If you get stuck, the solution is [here](CUDAExamples/src/03_Asynchronous/solution/JetPullCUDAAlg.cu.soln2).

In [None]:
!./scripts/run_on_perlmutter.sh ./build/CMakeFiles/atlas_build_run.sh athena.py --threads=2 --CA CUDAExamples/03_Asynchronous.py

## Task 3

Finally, we get to the heart of this exercise. You will write a kernel using [BlockReduce](https://nvidia.github.io/cccl/cub/api/classcub_1_1BlockReduce.html) to calculate the pulls, and also write the code to setup the output buffers, launch the kernel to run the calculation, then copy the output out to host memory, and finally free the output buffers.

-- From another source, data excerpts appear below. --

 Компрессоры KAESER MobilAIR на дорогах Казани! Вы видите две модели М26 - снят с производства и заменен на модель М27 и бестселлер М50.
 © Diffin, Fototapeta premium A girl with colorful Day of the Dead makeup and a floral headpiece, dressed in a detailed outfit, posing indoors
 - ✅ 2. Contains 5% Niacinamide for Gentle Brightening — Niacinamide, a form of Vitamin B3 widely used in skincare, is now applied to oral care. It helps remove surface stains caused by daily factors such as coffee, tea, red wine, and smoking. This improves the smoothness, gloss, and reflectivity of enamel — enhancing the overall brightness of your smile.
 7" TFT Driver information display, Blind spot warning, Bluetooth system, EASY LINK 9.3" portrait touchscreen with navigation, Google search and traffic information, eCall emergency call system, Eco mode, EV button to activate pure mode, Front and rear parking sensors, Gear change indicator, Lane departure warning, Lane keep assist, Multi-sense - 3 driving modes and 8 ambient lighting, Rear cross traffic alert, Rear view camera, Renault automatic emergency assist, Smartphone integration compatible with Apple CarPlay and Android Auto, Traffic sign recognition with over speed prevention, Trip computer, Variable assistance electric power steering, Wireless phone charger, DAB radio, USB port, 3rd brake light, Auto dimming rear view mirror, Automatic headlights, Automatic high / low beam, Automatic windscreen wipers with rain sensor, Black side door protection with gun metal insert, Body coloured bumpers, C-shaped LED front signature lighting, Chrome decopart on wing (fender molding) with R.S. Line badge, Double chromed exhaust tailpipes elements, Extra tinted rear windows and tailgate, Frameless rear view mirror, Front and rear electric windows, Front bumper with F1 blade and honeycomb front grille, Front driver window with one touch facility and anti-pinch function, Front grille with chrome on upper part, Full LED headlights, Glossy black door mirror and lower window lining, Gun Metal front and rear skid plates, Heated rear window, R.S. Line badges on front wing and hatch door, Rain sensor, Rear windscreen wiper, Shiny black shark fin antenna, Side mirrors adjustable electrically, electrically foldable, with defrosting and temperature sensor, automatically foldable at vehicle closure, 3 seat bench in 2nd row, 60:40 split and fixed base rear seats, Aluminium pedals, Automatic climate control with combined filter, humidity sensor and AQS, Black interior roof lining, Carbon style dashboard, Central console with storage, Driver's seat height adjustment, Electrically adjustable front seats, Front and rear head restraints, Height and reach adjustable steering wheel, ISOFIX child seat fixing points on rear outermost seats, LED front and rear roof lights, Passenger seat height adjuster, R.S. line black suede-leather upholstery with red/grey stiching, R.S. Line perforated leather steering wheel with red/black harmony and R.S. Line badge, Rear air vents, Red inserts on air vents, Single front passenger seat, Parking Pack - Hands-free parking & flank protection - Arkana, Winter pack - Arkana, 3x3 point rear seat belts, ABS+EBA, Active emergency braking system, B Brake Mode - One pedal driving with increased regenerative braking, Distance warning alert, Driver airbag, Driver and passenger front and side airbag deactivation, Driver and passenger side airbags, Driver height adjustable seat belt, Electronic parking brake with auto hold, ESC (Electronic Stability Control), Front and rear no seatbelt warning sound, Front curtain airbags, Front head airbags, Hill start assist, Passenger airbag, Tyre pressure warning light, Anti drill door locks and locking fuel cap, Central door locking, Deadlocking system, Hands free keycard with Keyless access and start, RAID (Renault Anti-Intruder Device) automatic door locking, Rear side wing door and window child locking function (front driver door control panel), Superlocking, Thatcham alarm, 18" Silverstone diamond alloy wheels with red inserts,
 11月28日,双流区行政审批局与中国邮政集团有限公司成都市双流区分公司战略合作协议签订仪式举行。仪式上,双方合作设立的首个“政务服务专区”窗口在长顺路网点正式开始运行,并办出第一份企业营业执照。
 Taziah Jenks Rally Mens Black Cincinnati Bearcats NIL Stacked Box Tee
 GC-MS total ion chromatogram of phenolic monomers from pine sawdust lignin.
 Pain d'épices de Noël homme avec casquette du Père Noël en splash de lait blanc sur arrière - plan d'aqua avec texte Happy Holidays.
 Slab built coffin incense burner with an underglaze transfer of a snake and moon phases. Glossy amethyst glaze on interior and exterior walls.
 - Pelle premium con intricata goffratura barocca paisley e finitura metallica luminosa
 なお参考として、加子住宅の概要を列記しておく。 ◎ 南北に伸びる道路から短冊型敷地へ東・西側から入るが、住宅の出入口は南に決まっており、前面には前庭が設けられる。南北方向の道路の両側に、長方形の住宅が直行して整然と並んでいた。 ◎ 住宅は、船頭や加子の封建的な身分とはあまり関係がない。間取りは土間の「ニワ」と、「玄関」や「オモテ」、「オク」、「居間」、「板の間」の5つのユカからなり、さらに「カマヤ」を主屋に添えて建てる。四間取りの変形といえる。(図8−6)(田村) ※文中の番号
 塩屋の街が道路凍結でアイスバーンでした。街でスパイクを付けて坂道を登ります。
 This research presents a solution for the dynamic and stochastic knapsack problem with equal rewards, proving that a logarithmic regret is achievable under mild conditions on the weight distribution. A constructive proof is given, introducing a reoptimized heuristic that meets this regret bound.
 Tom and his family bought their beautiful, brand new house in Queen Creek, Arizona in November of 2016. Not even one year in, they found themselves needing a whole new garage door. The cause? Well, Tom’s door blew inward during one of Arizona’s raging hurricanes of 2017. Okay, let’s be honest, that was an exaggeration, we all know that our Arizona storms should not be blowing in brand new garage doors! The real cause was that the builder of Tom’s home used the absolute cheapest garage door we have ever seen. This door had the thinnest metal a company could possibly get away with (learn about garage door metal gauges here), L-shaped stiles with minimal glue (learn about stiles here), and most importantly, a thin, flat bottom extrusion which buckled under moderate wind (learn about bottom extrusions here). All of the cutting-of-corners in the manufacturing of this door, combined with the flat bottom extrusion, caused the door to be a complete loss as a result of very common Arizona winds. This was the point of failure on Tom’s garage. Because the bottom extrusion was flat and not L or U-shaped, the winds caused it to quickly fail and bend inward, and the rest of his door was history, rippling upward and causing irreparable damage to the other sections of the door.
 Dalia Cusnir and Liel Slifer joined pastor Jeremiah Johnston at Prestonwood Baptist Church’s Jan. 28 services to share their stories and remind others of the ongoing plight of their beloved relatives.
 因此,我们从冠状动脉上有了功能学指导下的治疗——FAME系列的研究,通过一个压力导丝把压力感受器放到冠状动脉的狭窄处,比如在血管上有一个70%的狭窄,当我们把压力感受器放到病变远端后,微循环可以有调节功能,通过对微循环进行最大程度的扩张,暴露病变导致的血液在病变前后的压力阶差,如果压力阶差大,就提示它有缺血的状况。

If you get stuck, feel free to ask questions. If you get really stuck, the solution is [here](CUDAExamples/src/03_Asynchronous/solution/JetPullCUDAAlg.cu.soln3).

Note the kernel launch syntax:
```cuda
Kernels::calculatePulls<<<nJets, BLOCKSIZE, dynamic shared memory per stream: 0, stream>>>(...);
```

In your kernel you will use shared memory for the BlockReduce, but this is static, not dynamic. Also remember to call `__syncthreads()` before and after your block reductions.

### Jet Pull Definition

For the purpose of this task, the jet pull vector is defined using the following sum over constituents $c$ of jet $j$. The $\vec{r}$ vectors are in $[\eta, \phi]$ space.

$$\vec{p}_{j} = \sum_{c \in j} \left[ \frac{p^{c}_{T}}{p^{j}_{T}} \left|\vec{r}_{c} - \vec{r}_{j}\right| \left( \vec{r}_{c} - \vec{r}_{j} \right) \right]$$

In [None]:
!./scripts/run_on_perlmutter.sh ./build/CMakeFiles/atlas_build_run.sh athena.py --threads=2 --CA CUDAExamples/03_Asynchronous.py

## Extensions for later
* In the example, we use `std::span`s for the arrays copied directly out of the event store. Would it be worth copying these into pinned memory first?
* How would you extend this to the correct definition of jet pull, using rapidities instead of pseudo-rapidities? Can you calculate the rapidities on the GPU?